Note: s. 172(2) of the bill uses the word “barrier “instead of the word “obstacle”, but is otherwise the same as s. 172(2) of the Canada Transportation Act.

Amendment 8
Section 6 should be amended to add the following to the principles set out in it:

“(2) For greater certainty, in the event of any inconsistency between the provisions of this Act and the provisions of the Canadian Human Rights Act, the provisions of that Act prevail to the extent of the inconsistency.”

Amendment 9
The following provision should be added to the bill:

“123?
Section 123.1.

(1) The Canadian Transportation Agency, the Canadian Radio-television and Telecommunications Commission, and the Federal Public Sector Labour Relations and Employment Board must within the period of six months that begins on the day on which this subsection comes into force, establish policies, practices and procedures for expeditiously receiving, investigating, considering and deciding upon complaints under this Act which are the same as or as reasonably close as possible to, those set out for the Accessibility Commissioner in sections 194 to 110 of the Act.”

Amendment 10
The bill should be amended to add the following provision:

11.1.

(1) No one shall use public money distributed by the Government of Canada in a manner that creates or perpetuates barriers.

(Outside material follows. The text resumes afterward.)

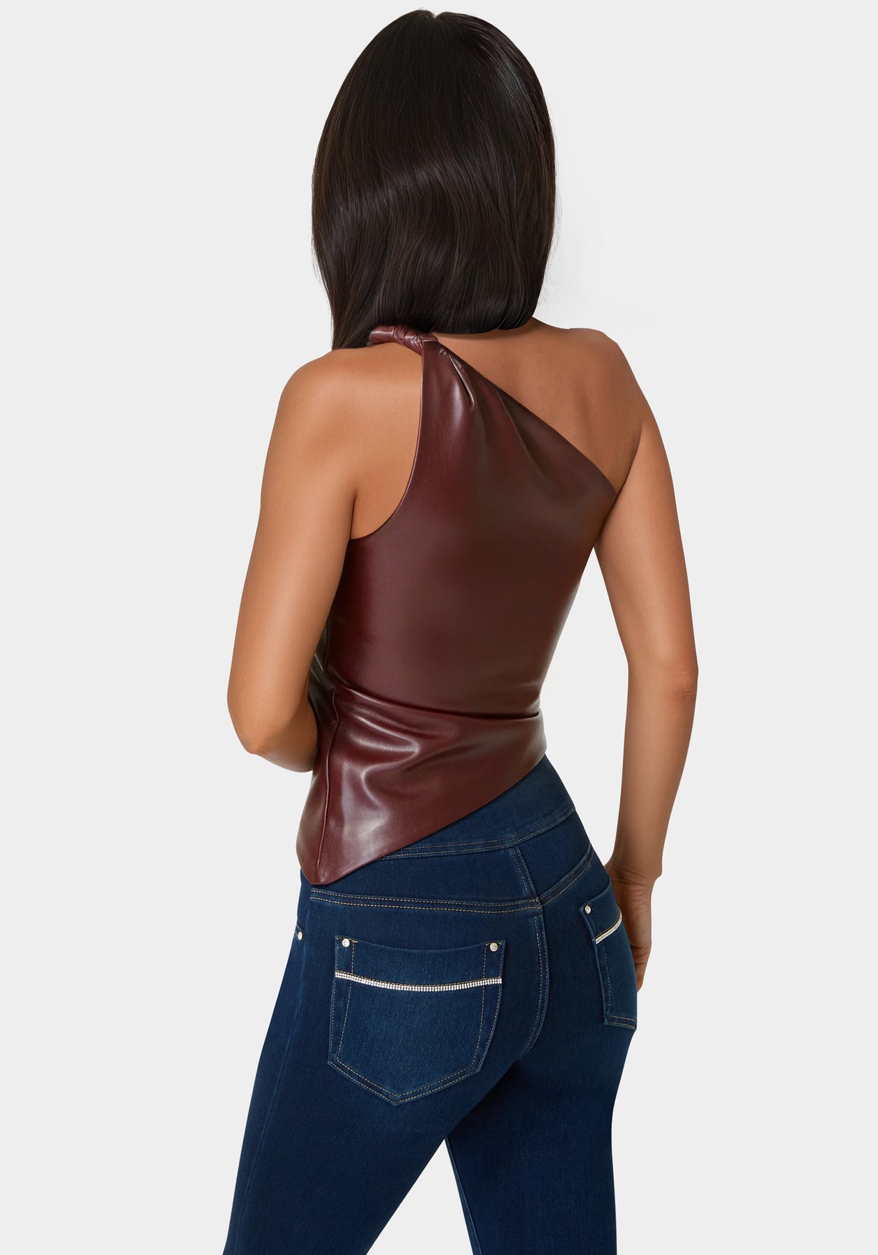 Elevate your look with this vegan leather one-shoulder top; perfect for chic events or stylish nights out.

(2) Without limiting the generality of the foregoing, subsection 1 includes payments by the Government of Canada to any person or entity to purchase or rent any goods, services or facilities, or to contribute to the construction, expansion or renovation of any infrastructure or other capital project, or to provide a business development loan or grant to any person or entity.

(3) Within the period of two years that begins on the day on which this subsection comes into force, the minister must establish and make public policies and procedures to implement, monitor compliance with, and report to the public on compliance with subsections 1 and 2.

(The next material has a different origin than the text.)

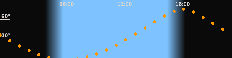 | Höchster Stand (Kulmination) | 18:53 Uhr (h = 76°) |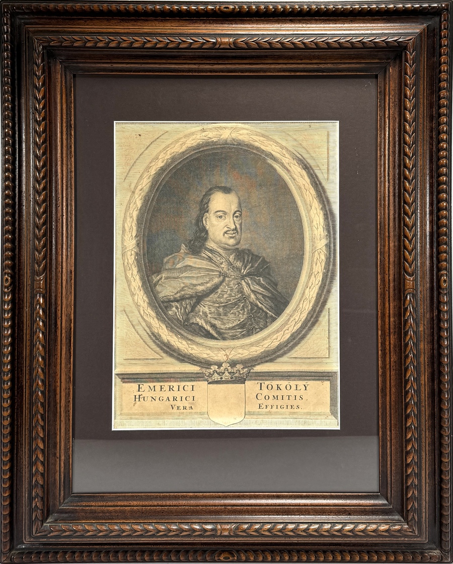 Gravure van Imre Thököly (1657–1705), uitgevoerd in barokke stijl, laat 17e eeuw tot begin 18e eeuw. Voorstelling van de Hongaarse edelman en legerleider in hofkledij, gevat in een ovale lauwerkrans en geplaatst boven een cartouche met kroon en leeg wapenschild. Uitgevoerd in kopergravure op papier, gemonteerd in een houten lijst met gesneden blad- en parelranddecoratie. Registreer nu en bied eenvoudig online mee op deze gravure! |

(4) The power to make regulations under clauses 117 (1) (c) and (d) includes the power to make regulations to implement this section.

Amendment 11
Section 72(1) should be amended to add the words “except any entity referred to in paragraphs 7(1) (a), (b) and (c) (the Government of Canada, or a department or agency of the Government of Canada)”, so that the provision will read in material part:

“72?(1)?The Minister may, by order, exempt any regulated entity or class of regulated entities except the any entity referred to in paragraphs 7(1) (a), (b) and (c) (the Government of Canada, or a department or agency of the Government of Canada) from the application of all or any part of sections 69 to 71, on any terms that the Minister considers necessary. The order ceases to have effect on the earlier of the end of the period of three years that begins on the day on which the order is made and the end of any shorter period specified in the order.”

Observations We Ask the Senate to Attach to Bill C-81

1. Since the bill is entitled “An Act to ensure a barrier-free Canada” for people with disabilities but does not require any barriers to be removed, the Committee recommends that the bill be strengthened.
2. Because the bill depends on the Federal Government and various agencies to use their new powers, but does not require most of those powers to be used, the Committee recommends that the Federal Government report back to the Senate in one year on what duties and time lines for action could be added to the bill.

3. Because of concerns from the disability community about the bill splintering its implementation and enforcement, the Committee recommends that the Federal Government report to the Senate in one year on the effectiveness and impact of splintering the bill’s implementation and enforcement among four federal agencies, for further study by the Senate.

4. Since the Federal Government spends billions of dollars of the public’s money on procurement of goods, services and facilities, on new infrastructure projects, and on business development loans and grants, the Federal bill should be strengthened to ensure that public money is never used to create or perpetuate disability barriers.